An attention mechanism enables the generation of acoustic features to match text sequence features. During speech generation, the attention mechanism acts as a fundamental component for matching text features to sound frames of the generated output. The attention mechanism produces correct pronunciation and intonation in speech outputs through the ability to select dynamic textual emphasis at every time point. The process stabilizes training by helping the model prevent the generation of incoherent or disjointed speech. Achieving text-to-speech audio alignment with accuracy and fluency requires attention mechanisms used during the process (Jia et al., 2019; Neekhara et al., 2021).
During synthesis the unique speaking voice requires a 256-dimensional speaker embedding from the speaker encoder to produce targeted voice output. A speaker embedding can be appended to text embedding or it can insert into the decoder states before generation. Integration of speaker embedding into the synthesizer enables the model to maintain the voice elements of pitch, tone and speaking style which belongs to the target speaker. The model becomes able to produce natural-sounding speech which matches a specific speaker through speaker-specific conditioning that enables generation of new speaking material beyond what the speaker recorded previously. Speaker adaptive speech synthesis requires the essential addition of speaker conditioning similar to Azizah (2024) and Chen et al. (2022b).
3.3 Vocoder (modified WaveRNN)
Acoustic features from a synthesizer that run through the vocoder result in waveform generation. The vocoder contains two gating systems which process transient acoustic dependencies inside audio signals. Time dependencies in generated audio output benefit from additional refinement through the second component of Gated Recurrent Units within the model. Voice patterns achieve stability through the second GRU layer of the vocoder smoothing method which results in natural acoustic wave transitions in speech sounds (Chen et al., 2022a; Dinakar et al., 2023).

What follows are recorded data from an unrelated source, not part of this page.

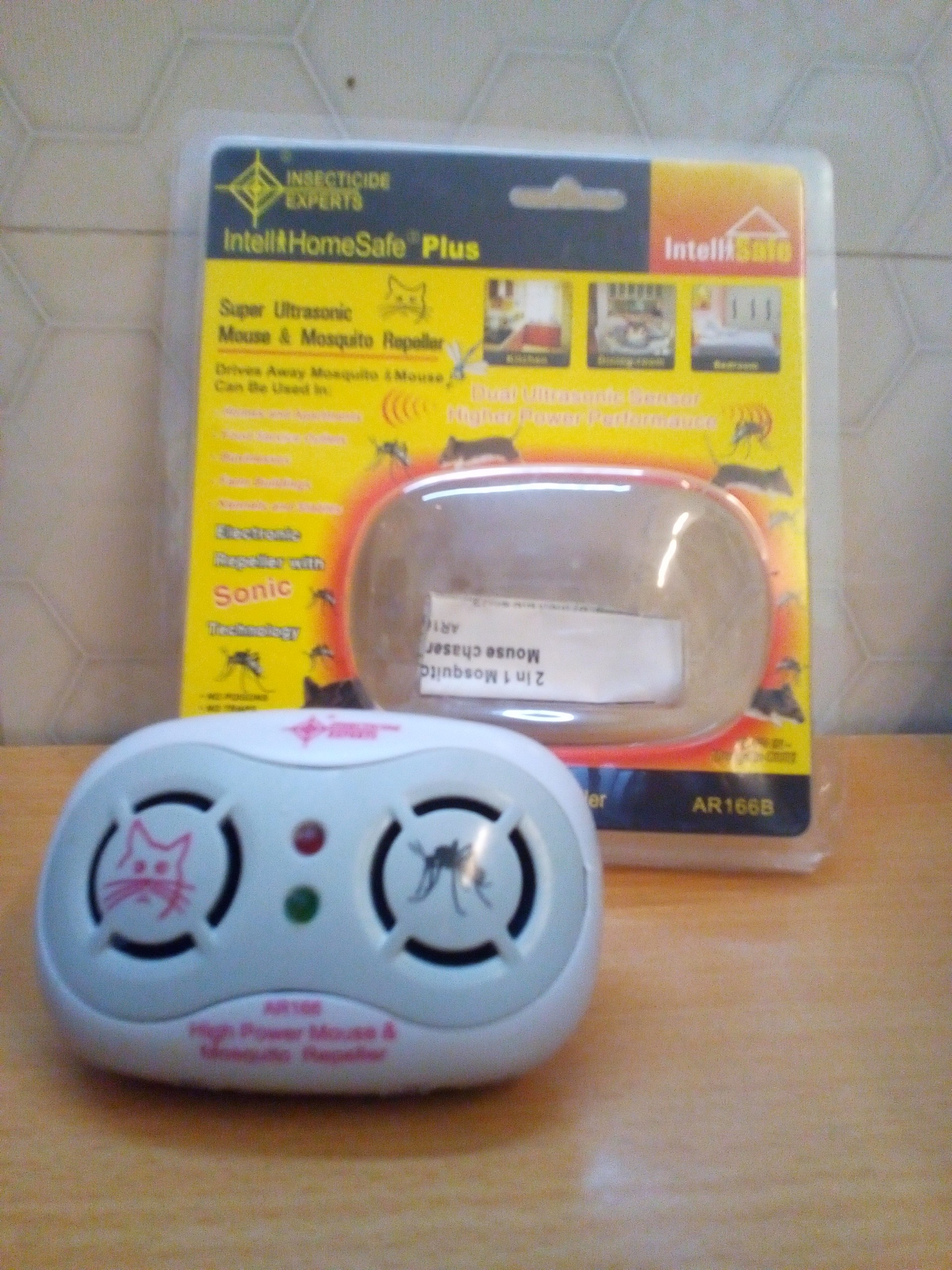 Thông tin sản phẩm: Kích thước: 20x19x7 ( cả bao bì) KT: 10x6x8 (SẢN PHẨM) Trọng lượng quy đổi : 400 Trọng lượng sp: 200g Máy đuổi côn trùng, chuột bằng sóng siêu âm IntellSafe là sản phẩm hữu ích bạn nên trang bị cho ngôi nhà của mình để bảo vệ sức khỏe của bạn và những người thân yêu.  Máy đuổi côn trùng, chuột bằng sóng siêu âm IntellSafe với thiết kế nhỏ gọn, rất dễ sử dụng sẽ đem lại cho bạn một không gian thoáng đãng, an toàn và sạch bóng côn trùng. ĐẶC ĐIỂM NỔI BẬT:Đây là loại máy đuổi chuột, đuổi gián, các loài côn trùng bằng IC vi xử lý phát ra sóng siêu âm có dải tần số từ 30 - 60 KHz. Máy đuổi côn trùng, chuột bằng sóng siêu âm IntellSafe có thể sử dụng thiết bị xung quanh trẻ em, vật nuôi,… mà không gây ảnh hưởng và cho phạm vi sử dụng hiệu quả nhất lên đến 50-80 mét vuông DỄ DÀNG SỬ DỤNG:Máy đuổi côn trùng, chuột bằng sóng siêu âm IntellSafe rất dễ sử dụng, bạn chỉ cần cắm thiết bị vào ổ điện là thiết bị có thể hoạt động liên tục cho đến khi bạn rút ra khỏi ổ cắm hoặc nếu thích bạn có thể để thiết bị cắm luôn trên ổ điện mà không cần phải gỡ ra để bảo trì, bảo dưỡng như các thiết bị khác.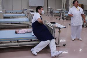 今回も白衣に着替えて、看護実習室にて演習です。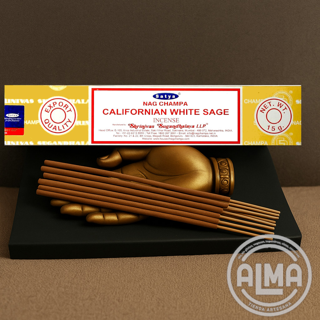 Californian White Sage (Salvia Blanca de California): la salvia blanca es una planta sagrada usada para la limpieza energética. Este incienso Satya purifica espacios, disipa energías densas y restaura la armonía espiritual, siendo ideal para iniciar meditaciones o limpiezas energéticas profundas.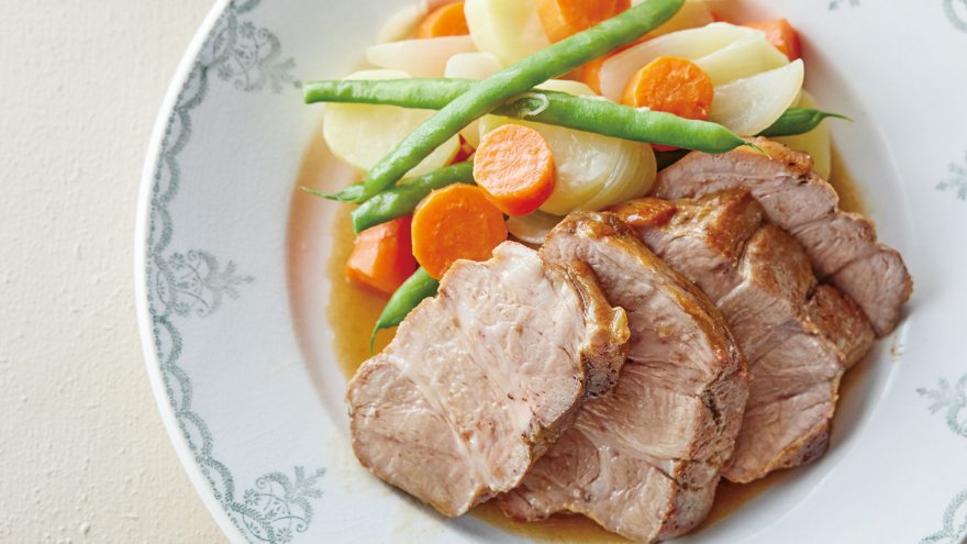 天板にオーブン用の紙を敷き、豚肉を並べる。肉の上に、フライパンに残った油をかけて、ハーブをのせる。100℃のオーブンで1時間焼く。焼き上がったら15分間ほど、庫内で休ませて肉汁を安定させる。オーブンの外で休ませる場合は、アルミ箔はくをかぶせるとよい。

The vocoder network adopts skip connections that transport information from early layers to various subsequent layers of the network framework. Hidden states from starting network layers connect to end network layers through these links to ensure detailed acoustic retention and training stability. Through skip connections, the model maintains crucial details throughout learning since these connections stop the loss of vital acoustic information that enables precise pitch and tonal changes to appear in the final synthetic speech. High-quality natural speech generation depends heavily on this approach to maintain faithfulness to a target voice.
A fade-out process completes waveform generation to prevent artificial and strange discontinuities in the final audio output. The signal amplitude steps down through time according to a linear schedule, which enables controlled termination of the speech signal. The audio fade-out technology delivers smooth volume reduction before the end of audio playback. Therefore, it prevents the disruptive audio termination. The vocoder utilizes this method to produce speech that terminates naturally by escaping abrupt finishes, preventing any disruptive effects on the listener experience (Hu and Zhu, 2023).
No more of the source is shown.